Likewise, a cooler reaction should have been the response when she ate the back off my new Thomas Cook boots.
Lecturing her loudly on the unacceptability of chewing the leather spine off a pair of 1885 Atlases of Australasia, was also – I am told – not the WTG – Way To Go.
It does very little, I am informed, to screech obscenities out the back door in the dead of night when (for the 10th time in three hours) she moves to Corgi Defcon 5 and starts barking maniacally at the moon.
The same reactions as those above are also not productive when (and I swear I’m not making this stuff up):
The crotch is chewed out of the fourth pair of jocks in a week.
Mrs Whack’s great-grandmother’s lovely old cedar chaise longue has all the braid ripped off it.
The same redecoration is performed on a 130-year-old upright armchair.
The same with the dining chairs.
One handle of the “good” wheelbarrow gets shorted by five centimetres.
The handsome patch of artificial turf mysteriously goes walkies all by itself.
About half of my prized volume of Escher drawings disappears, so suddenly the mystery ever upwards staircases don’t work.
The lace curtains down the corridor develop a sudden sagginess, followed by a sudden “holiness” with the holes oddly corgi-sized.
The old deaf dog finally refuses to come out of her kennel because she’s worn out by being chewed on the face by the bouncing corgi.
The “indestructible” dog chew toys last 37.6 seconds.
The two-leg residents have to take to wearing slippers to avoid that shocking sensation of dog poo squishing through your toes in the dead of night.
The corgi snoring keeps us awake when we get so tired of her nonsense we think it might just work if we let her sleep in the bedroom.
The corgi and the jelly-belly fat cat have a pact to play nuclear-powered chasey games around the house at 7pm every day.
No, getting loud and sweaty is not the correct response, I am told.
It is better to be calm, just turn a cold shoulder and show disdain for such idiocy, while maintaining a firm and controlled dialogue.
I am told that when if hurl fury at Marley, she nearly always looks surprised and turns to look behind her, as if to say: “Well, that’s certainly no way to talk to the cat.”

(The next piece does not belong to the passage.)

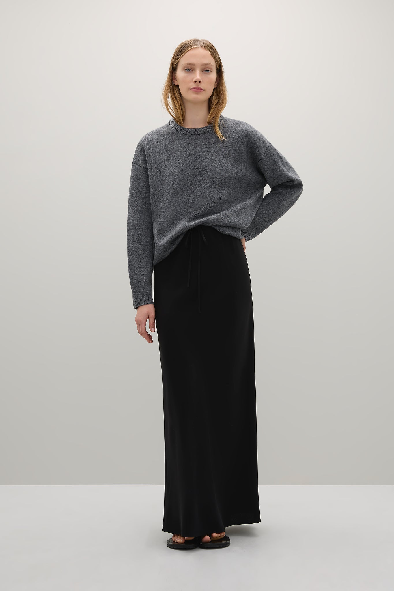 The Reid Crew Knit in Mid Grey Melange by A.Emery.

And I am prepared to believe that’s correct.
And it’s for this reason, dear reader, that I have come to the point of this column.
We should let Vlad the Inhaler Putin come to Australia as part of the G20 conference of world leaders in Brisbane in November.
Clearly, he’ll keep crapping on the carpet and invading neighbouring countries if we keep yelling at him.
Marvellous what a corgi can teach you, isn’t it?